- Origin: Auckland, New Zealand
- Genres: Hip hop, rock, indie rock
- Years active: 2010–2017
- Labels: Columbia Records
- Members: Mo Kheir Brandon Black Joseph Pascoe
- Website: No Wyld

= No Wyld =

No Wyld (formerly known as The Wyld) was a New Zealand alternative hip hop band, formed in 2010.

==History==
Mohamed "Mo" Kheir and Joe Pascoe met while studying architecture at university in 2007. They joined Brandon Black two years later through Kheir's older brother, Moomin Kheir. They began covering tracks they liked, and performing at open mic nights.

"Revolution" was the first single that attracted attention online. The track earned praise from MTV Iggy in the United States and was subsequently included in United States TV show 90210.

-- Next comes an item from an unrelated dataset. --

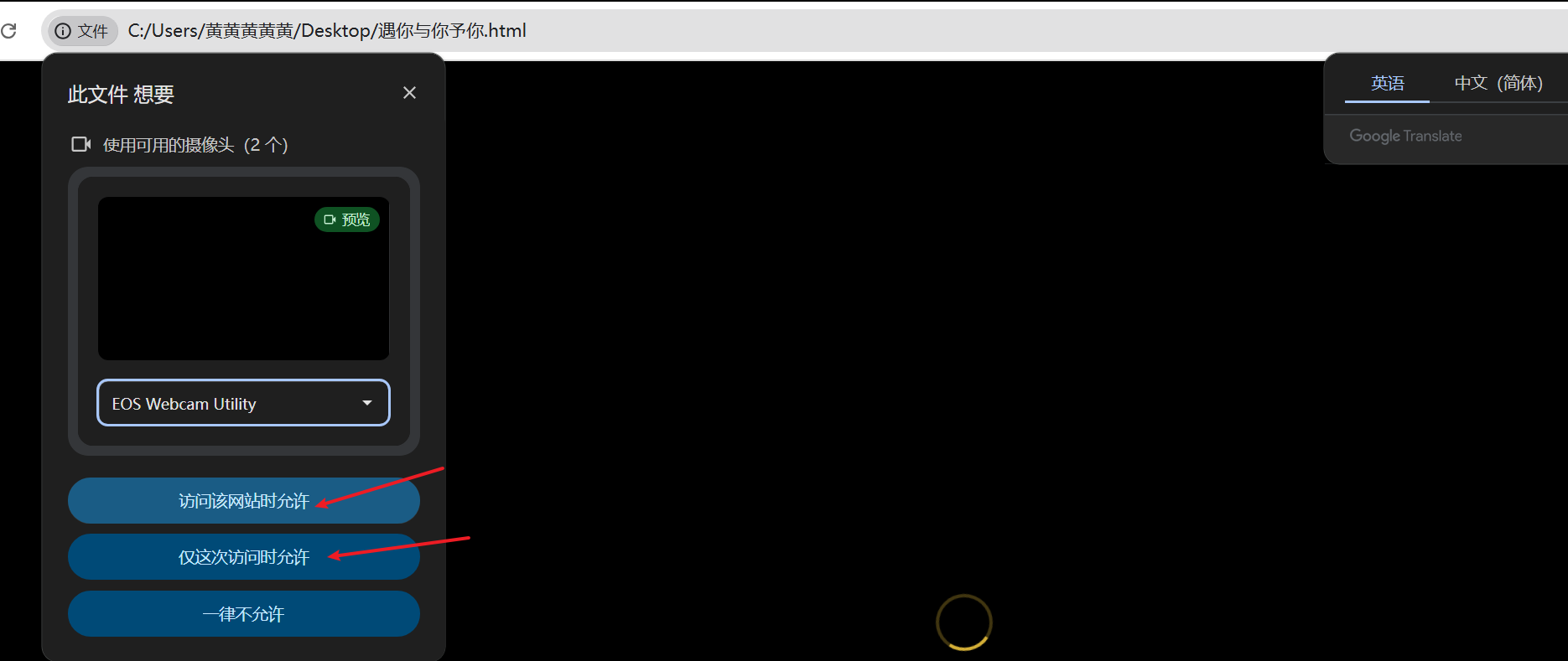 4.如果选择本地文件打开,一定要授权摄像头的操作

The band attracted the interest of major sponsors like Red Bull, who included them in a major campaign. In August 2013, they began recording their first EP, Abstract, at Red Bull Studios. The Wyld relocated to the United States where they secured a recording contract with Columbia records in 2013 and then a Publishing deal with Sony ATV in April 2014.

The track "Odyssey" was used in a commercial for McDonald's during Sochi 2014, and later included in the soundtrack for NHL 15, Madden NFL 16 and Need for Speed. "Odyssey" was also featured in the pregame video played before the West Virginia University Mountaineers football team took the field for home games during the 2015 season. In addition, "Let Me Know" was included in the soundtrack for FIFA 16.

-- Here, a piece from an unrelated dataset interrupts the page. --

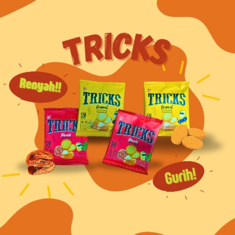 Tricks Crisps adalah camilan renyah yang menawarkan sensasi rasa gurih dan lezat di setiap gigitan. Terbuat dari bahan-bahan berkualitas, keripik ini diproses dengan teknologi modern untuk menghasilkan tekstur yang renyah dan cita rasa yang memanjakan lidah.
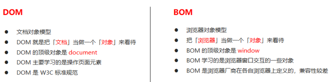 BOM 缺乏标准,JavaScript 语法的标准化组织是 ECMA,DOM 的标准化组织是 W3C,BOM 最初是Netscape 浏览器标准的一部分。

This song also appeared in EA Sports game, FIFA 17 with "Justfayu" featuring KAMAU. Their song "Air" was used as the official theme song for WWE's Elimination Chamber event in 2017.

==Band members==
- Mohamed "Mo" Kheir – Vocals
- Brandon Black – Vocals, Production
- Joseph Pascoe – Guitar, Production

==Discography==

=== Studio albums ===

| Title | Album details | Peak chart positions | Certifications | Sales |
NZ
| Preface | Released: 29 June 2012; Label: Dryden Street; Format: CD, download; | 36 |  |  |
| Nomads | Released: 25 November 2016; Label: Columbia; Format: download; |  |  |  |

=== Extended plays ===

| Title | Album details |
|---|---|
| Abstract | Released: 29 October 2013; Label: Fontana North; Format: CD, download; |
| Ascension | Released: 9 October 2015; Label: Columbia Records; Format: CD, download; |

=== Singles ===
==== As lead artist ====

Title: Year; Peak chart positions; Certifications; Album
NZ
"Revolution": 2011; –; Preface
"Full Circle": 2012; –
"Rome": –
"Odyssey": 2013; –; Abstract and Ascension
"Queen" (featuring KAMAU): 2015; –; Ascension
"Let Me Know": –; Ascension and Nomads
"Afraid": –; non-album single
"Paranoid": 2016; –; Nomads
"Tomorrow" (featuring Allan Kingdom): –
"Grown Up": –
"Gone": –
"—" denotes a recording that did not chart or was not released in that territory.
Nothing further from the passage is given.